- _Provided data_
+===+

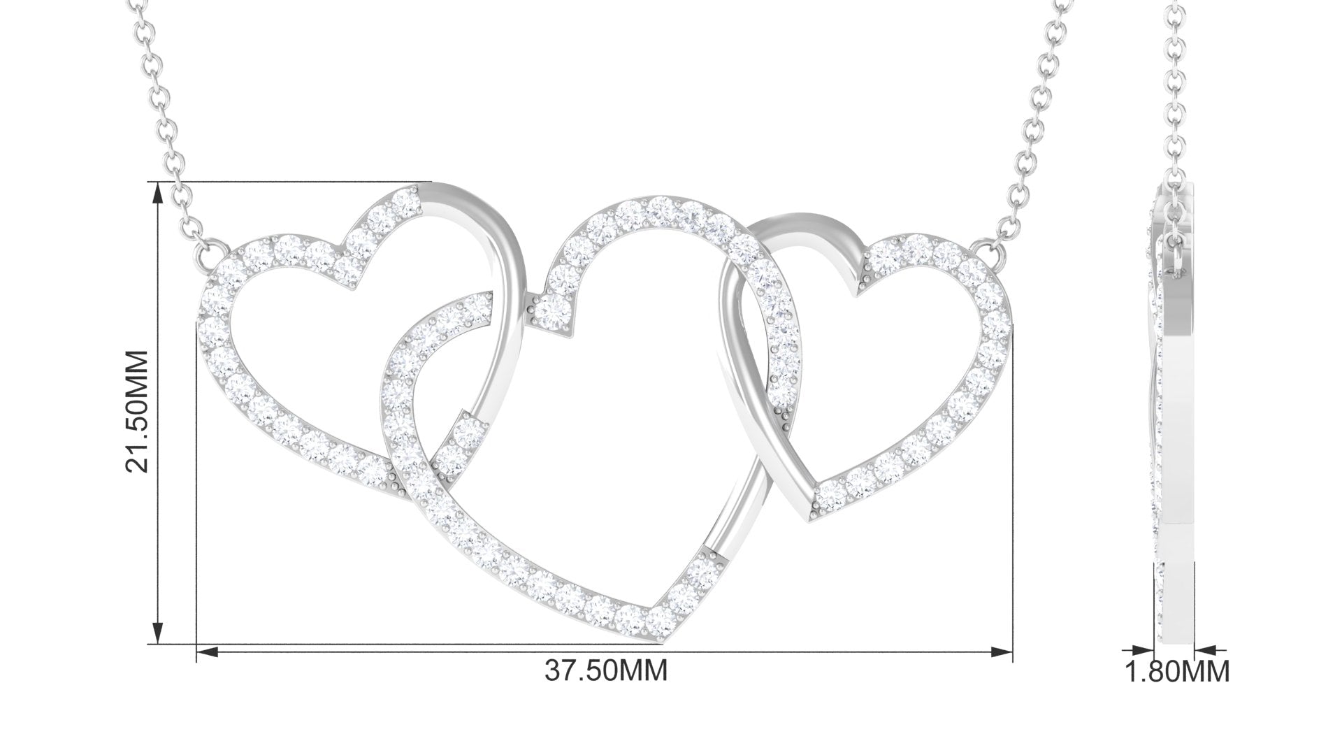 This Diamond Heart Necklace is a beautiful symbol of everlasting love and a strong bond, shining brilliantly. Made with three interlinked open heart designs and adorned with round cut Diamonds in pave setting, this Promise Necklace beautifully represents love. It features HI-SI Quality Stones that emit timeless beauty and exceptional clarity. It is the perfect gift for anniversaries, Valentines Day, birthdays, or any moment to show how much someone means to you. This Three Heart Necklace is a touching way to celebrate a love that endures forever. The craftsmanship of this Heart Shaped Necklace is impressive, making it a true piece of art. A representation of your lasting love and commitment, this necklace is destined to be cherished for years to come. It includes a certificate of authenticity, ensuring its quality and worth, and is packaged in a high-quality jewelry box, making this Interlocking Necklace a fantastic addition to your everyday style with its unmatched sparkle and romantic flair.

+===+

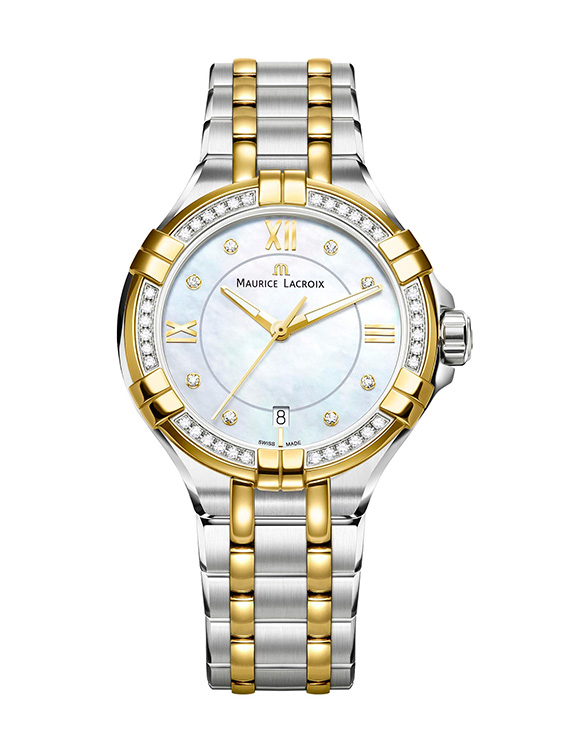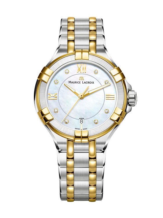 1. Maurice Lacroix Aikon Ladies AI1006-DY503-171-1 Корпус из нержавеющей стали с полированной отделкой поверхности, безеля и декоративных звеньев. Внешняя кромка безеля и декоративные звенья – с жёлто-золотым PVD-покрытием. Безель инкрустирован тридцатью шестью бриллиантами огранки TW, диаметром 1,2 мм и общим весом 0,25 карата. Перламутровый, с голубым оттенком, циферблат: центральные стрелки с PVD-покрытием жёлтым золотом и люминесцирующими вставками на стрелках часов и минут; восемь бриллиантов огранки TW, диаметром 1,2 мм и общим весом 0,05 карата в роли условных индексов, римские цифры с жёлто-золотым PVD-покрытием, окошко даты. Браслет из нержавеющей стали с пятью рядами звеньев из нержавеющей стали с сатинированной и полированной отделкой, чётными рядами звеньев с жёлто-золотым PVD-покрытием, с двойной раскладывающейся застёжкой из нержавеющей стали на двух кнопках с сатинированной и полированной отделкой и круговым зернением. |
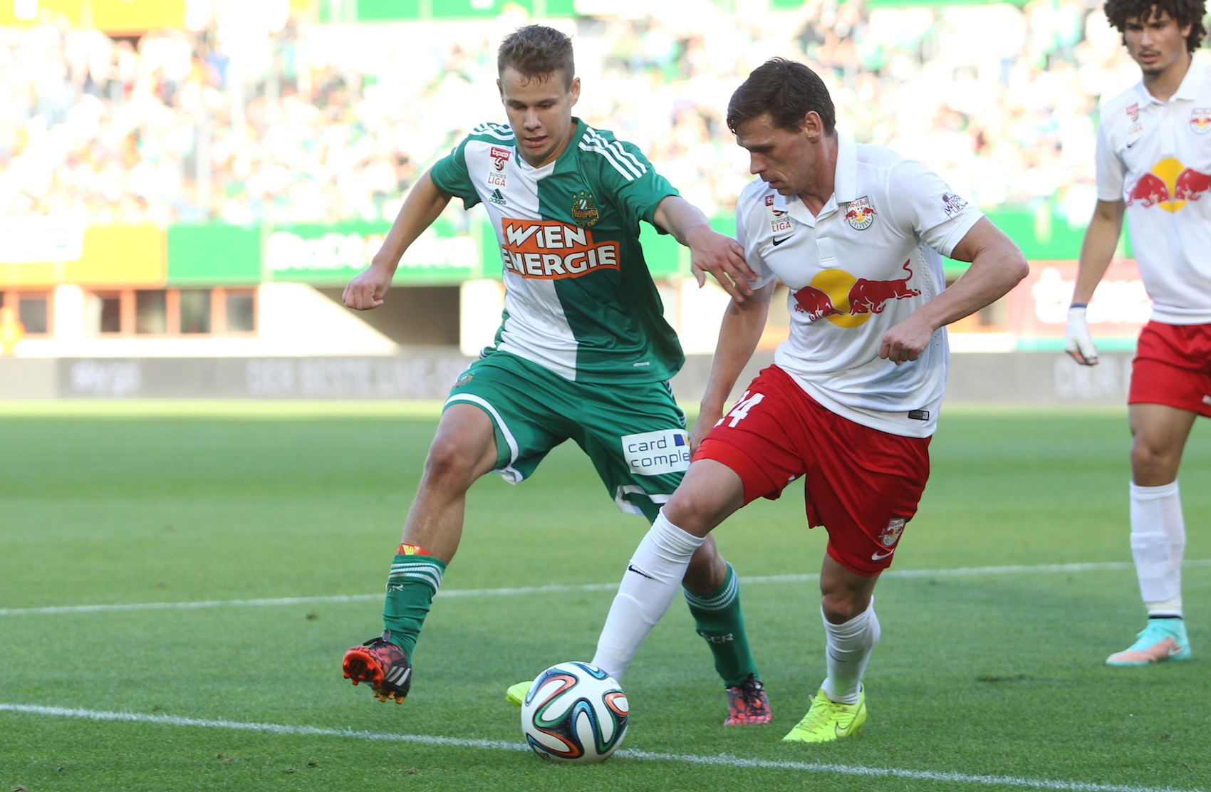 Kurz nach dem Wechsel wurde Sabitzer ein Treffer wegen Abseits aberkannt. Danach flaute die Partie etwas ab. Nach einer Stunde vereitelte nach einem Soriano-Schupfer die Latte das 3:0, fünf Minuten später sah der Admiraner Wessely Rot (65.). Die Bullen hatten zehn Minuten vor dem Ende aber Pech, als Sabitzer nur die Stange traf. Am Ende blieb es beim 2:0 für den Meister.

+===+

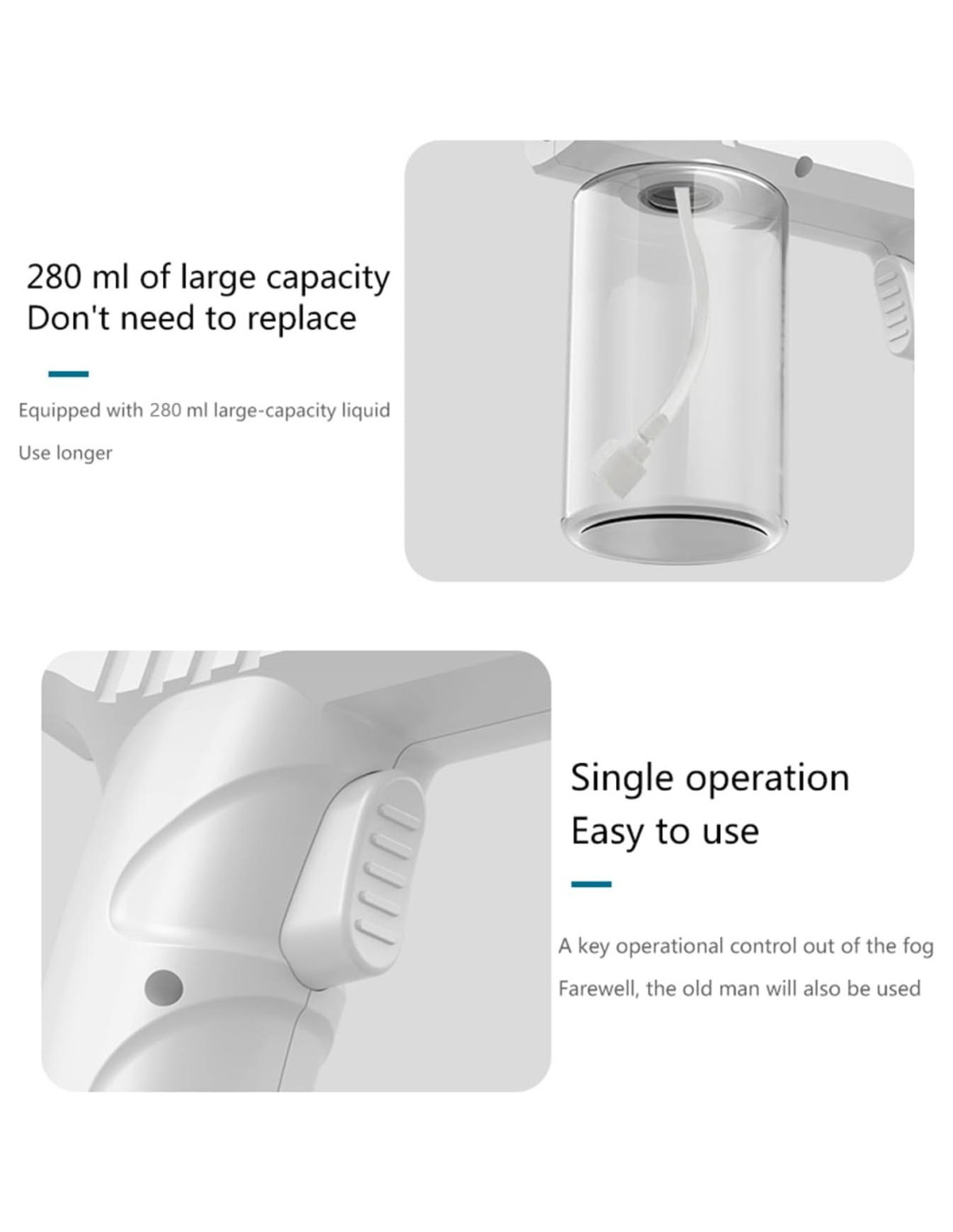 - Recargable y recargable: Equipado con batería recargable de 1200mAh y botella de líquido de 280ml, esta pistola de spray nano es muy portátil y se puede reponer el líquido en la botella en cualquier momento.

+===+

- _About this exercise_
Within the listing above, the lines starting at the one containing "1. Maurice Lacroix" and ending at the one containing "Kurz nach dem" are to be returned exactly. Omit the pictures.

- _Task response_
 1. Maurice Lacroix Aikon Ladies AI1006-DY503-171-1 Корпус из нержавеющей стали с полированной отделкой поверхности, безеля и декоративных звеньев. Внешняя кромка безеля и декоративные звенья – с жёлто-золотым PVD-покрытием. Безель инкрустирован тридцатью шестью бриллиантами огранки TW, диаметром 1,2 мм и общим весом 0,25 карата. Перламутровый, с голубым оттенком, циферблат: центральные стрелки с PVD-покрытием жёлтым золотом и люминесцирующими вставками на стрелках часов и минут; восемь бриллиантов огранки TW, диаметром 1,2 мм и общим весом 0,05 карата в роли условных индексов, римские цифры с жёлто-золотым PVD-покрытием, окошко даты. Браслет из нержавеющей стали с пятью рядами звеньев из нержавеющей стали с сатинированной и полированной отделкой, чётными рядами звеньев с жёлто-золотым PVD-покрытием, с двойной раскладывающейся застёжкой из нержавеющей стали на двух кнопках с сатинированной и полированной отделкой и круговым зернением. |
 Kurz nach dem Wechsel wurde Sabitzer ein Treffer wegen Abseits aberkannt. Danach flaute die Partie etwas ab. Nach einer Stunde vereitelte nach einem Soriano-Schupfer die Latte das 3:0, fünf Minuten später sah der Admiraner Wessely Rot (65.). Die Bullen hatten zehn Minuten vor dem Ende aber Pech, als Sabitzer nur die Stange traf. Am Ende blieb es beim 2:0 für den Meister.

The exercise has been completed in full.